:: Assignment ::
Your reply should contain nothing except the lines from the one with "Your Dream –" through the end of the listing below, reproduced exactly and stripped of pictures.

:: Source data ::
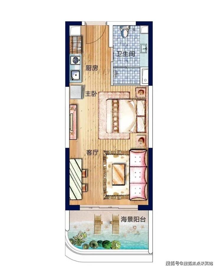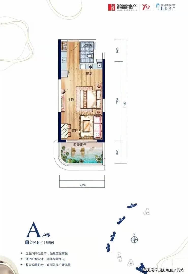 【A1户型】52㎡ 单间含开放式亲海露台,户型方正,舒适与实用率皆得,放大度假体验。
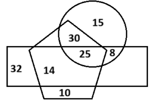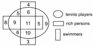 Venn Diagram (SSC REASONING) Part-4Total Questions: 5021. In the given diagram, the shapes indicate the categories of persons. The numbers given in the different segments separate the number of person in that category. [SSC CHSL 15/04/2021 (Afternoon) ](a) 15(b) 22(c) 19(d) 11Correct Answer: (c) 19Solution:Dancer who are gymnast = 3 + 7 = 10 Dancer who are singer = 9 Total dancers who are either gymnasts or singers but not both = 10 + 9 = 1922. In the given diagram, the shapes indicate the categories of persons. The numbers given in the different segments represent the number of persons in that category. [SSC CHSL 16/04/2021 (Morning) ](a) 30(b) 26(c) 24(d) 41Correct Answer: (a) 30Solution:Tennis Player who are only swimmer = 6 + 10 = 16 Tennis Player who are only rich person = 9 + 5 = 14 Tennis player who are either swimmer or rich person but not both = 14 + 16 = 3023. Telugu, Urdu, Poetry [SSC CHSL 19/04/2021 (Afternoon)](a)(b)(c)(d)Correct Answer: (d)Solution:Urdu and Telugu have nothing in common as both are entirely different languages but poetry can be done in both the languages so it is common to both the languages.24. Women, Gynecologist, Doctors [SSC CHSL 19/04/2021 (Evening)](a)(b)(c)(d)Correct Answer: (a)Solution:Gynaecologist is necessarily a doctor but not sure about gender (can be male or female).25. Teachers, Graduates, Tennis players [SSC CHSL 04/08/2021 (Evening)](a)(b)(c)(d)Correct Answer: (c)Solution:26. Statisticians, Men, Pathologists [SSC CHSL 05/08/2021 (Morning)](a)(b)(c)(d)Correct Answer: (b)Solution:27. In the Venn diagram given below, if ‘Hexagon’ represents ‘Farmers’, ‘Triangle’ represents ‘Villagers’ and ‘Square’ represents ‘Beneficiaries’, then how many Farmers are there who are Villagers and Beneficiaries also? [SSC CHSL 05/08/2021 (Evening) ](a) 9(b) 18(c) 11(d) 5Correct Answer: (d) 5Solution:Farmers are there who are both Villagers and Beneficiaries are represented by the area that is common in all the three shapes which is 5.28. In the given diagram, the shapes indicate the categories of persons. The number given in the different segments represent the number of persons in that category [SSC CHSL 06/08/2021 (Afternoon) ](a) 39(b) 40(c) 35(d) 41Correct Answer: (a) 39Solution:Females either graduates or employed but NOT both, are represented by circle + triangle and circle + square but not all three. So, 9 + 12 + 18 = 39.29. In the following Venn diagram, the pentagon stands for ‘Librarians’, the rectangle stands for ‘Income tax payers’, and the circle stands for ‘Post-graduates’. The given number represents the number of persons in that particular category. [SSC CHSL 06/08/2021 (Evening) ](a) 14(b) 55(c) 30(d) 25Correct Answer: (b) 55Solution:librarians are there who are also post graduates are represented by the common area of circle and pentagon. So, 25 + 30 = 55.30. Books, Library, Chapter , Index [SSC CHSL 09/08/2021 (Morning)](a)(b)(c)(d)Correct Answer: (c)Solution:Books are found in the library Chapter and index both are found inside the book but are totally different from each other. So option (c) follows.Submit Quiz« Previous12345Next »
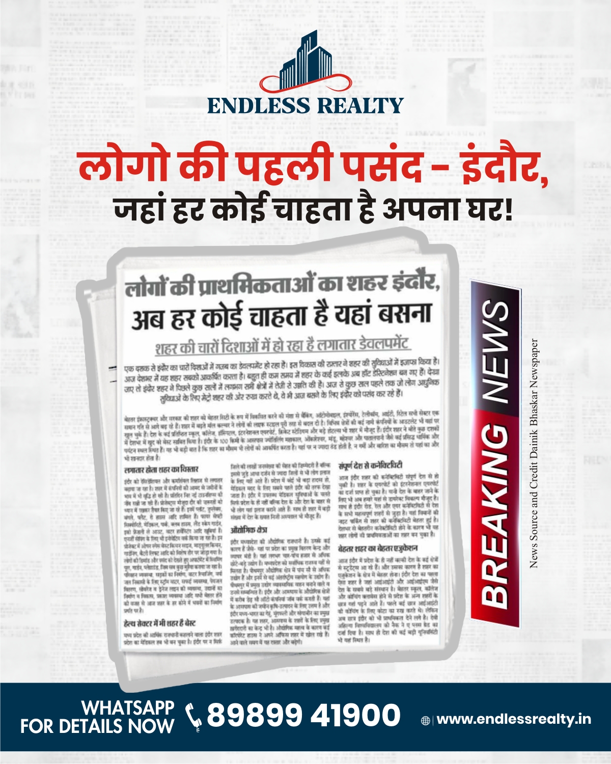 Your Dream – Our Commitment. Endless Possibilities for Smart Investors to get Prospering Properties in Indore.
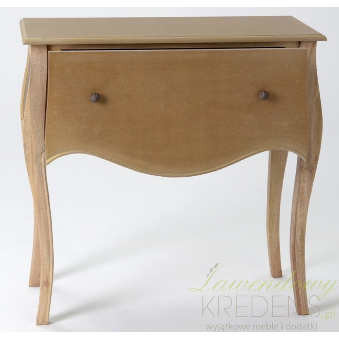 Meble prowansalskie to oryginalne i wyjątkowe meble, które na długo pozostaną w twojej pamięci. Komoda prowansalska pochodzenia francuskiego ma piękny brązowy kolor, dzięki któremu wygląda bardzo naturalnie. Posiada jedną dużą szufladę na najpotrzebniejsze artykuły. Polecamy!

:: Result of this exercise ::
 Your Dream – Our Commitment. Endless Possibilities for Smart Investors to get Prospering Properties in Indore.
 Meble prowansalskie to oryginalne i wyjątkowe meble, które na długo pozostaną w twojej pamięci. Komoda prowansalska pochodzenia francuskiego ma piękny brązowy kolor, dzięki któremu wygląda bardzo naturalnie. Posiada jedną dużą szufladę na najpotrzebniejsze artykuły. Polecamy!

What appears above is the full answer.